Note: All prices are from newegg even though I know I could get better deals elsewhere(like that insane deal at staples for the 200gb hard drive for $60 or something)

Case- Raidmax Black aluminum gaming case with 420W PS-$80
Optical Drive- Samsung DVD+-RW-$55
Hard Drive- Maxtor 200 Gb 7200 RPM-$110
Keyboard-Logitech Elite-$25
Memory-Corsair Value Select 512x2-$130
Monitor-Viewsonic Perfectflat CRT 17"-$134
Motherboard-ASUS "K8N-E Deluxe" nforce3 chipset-$125
Processor-AMD athlon 64 3400+ 512k L2 Cache-$219
Video Card-EVGA nVidia Geforce 6600GT-$198

Total-$1086.15

(Didn't include an OS, will figure that out later)

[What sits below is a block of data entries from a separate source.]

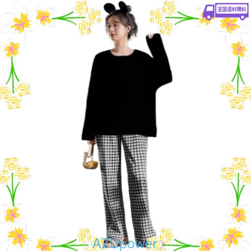 [PLUVIVA] パジャマ レディース ルームウェア 長袖 部屋着 上下セット 大きいサイズ 寝巻き 寝間着 トラベル 快眠パジャマ ロングパンツ 黒 無地 春 秋 5011-BLK-XL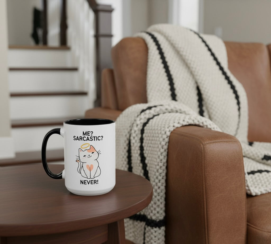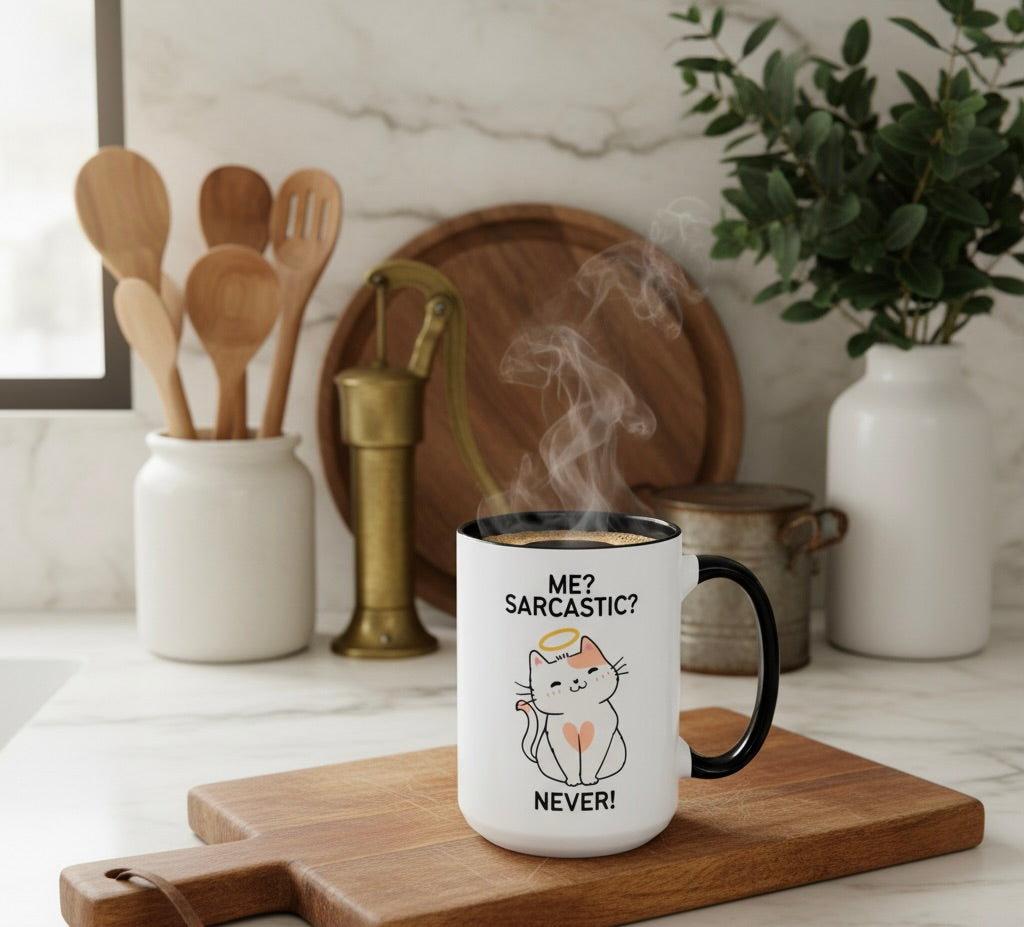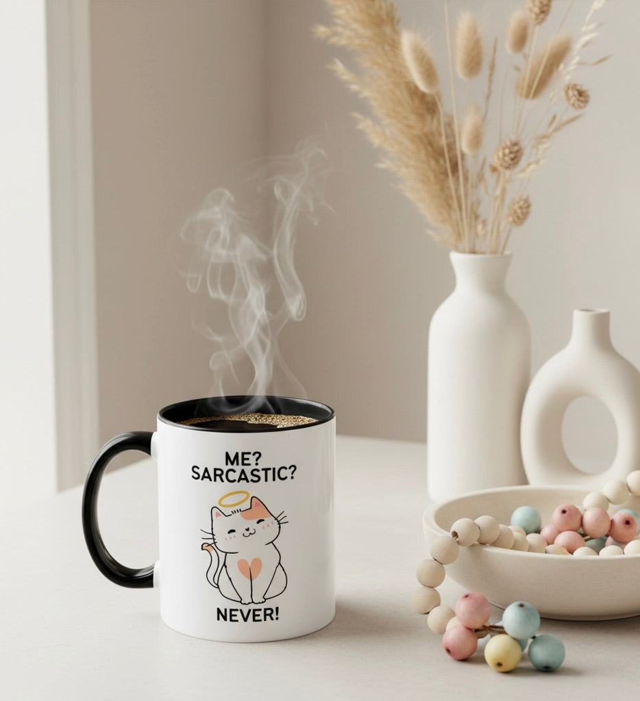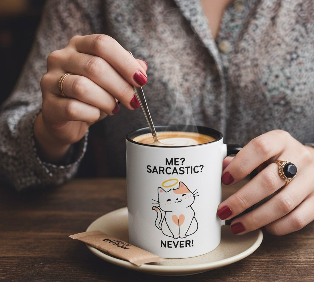 Meet your new favorite mug — featuring a “totally innocent” cat rocking a halo, because clearly sarcasm has never crossed their mind (or yours, right?). Perfect for sipping your coffee while pretending you’re the saint of patience… even though everyone knows better. Whether you’re serving side-eye, sass, or just caffeine-fueled truths, this mug delivers it all with angelic charm.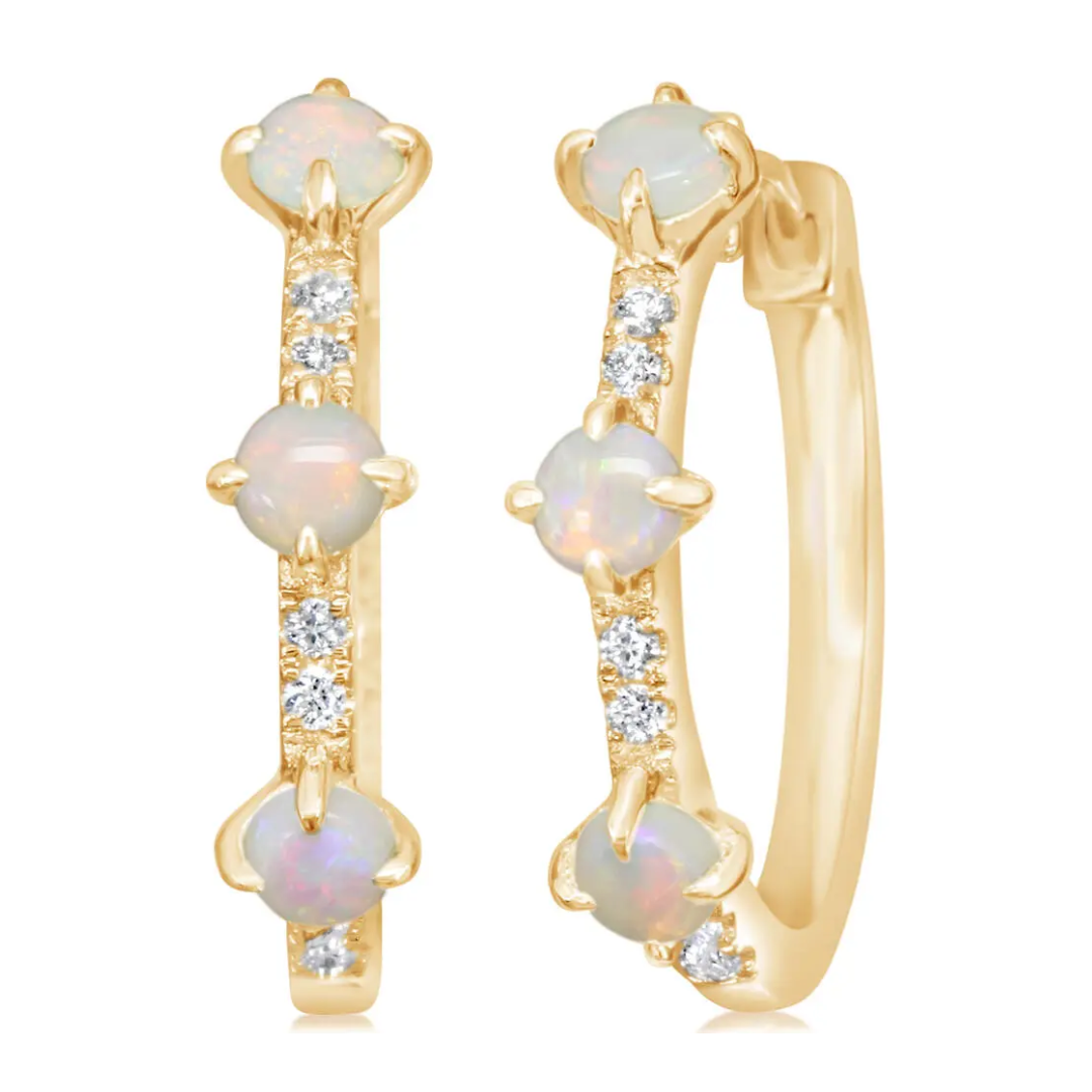 14k Yellow Gold Round Opal Medium Hoop Earrings

Yes, I finally have defected to the glory of AMD processors! I only have a few concerns about this setup, I've heard bad things about power supplies included in cases, are these rumors substantiated? I'm sure the 420W will be enough if it's a quality PS. Secondly, perhaps most importantly, the RAM. Hearing the term "Value Ram" makes me feel like I'm buying a second rate product. Is there really that much of a difference between this and the Corsair XMS? Third, is the stock heatsink sufficient if I plan on some mild overclocking. If there's a good alternative that is fairly cheap, please post a link. To avoid criticisms, I'll say up front that I know it'd probably be better to get the 939 socket, but I really am on a slim budget having to pay for college and all.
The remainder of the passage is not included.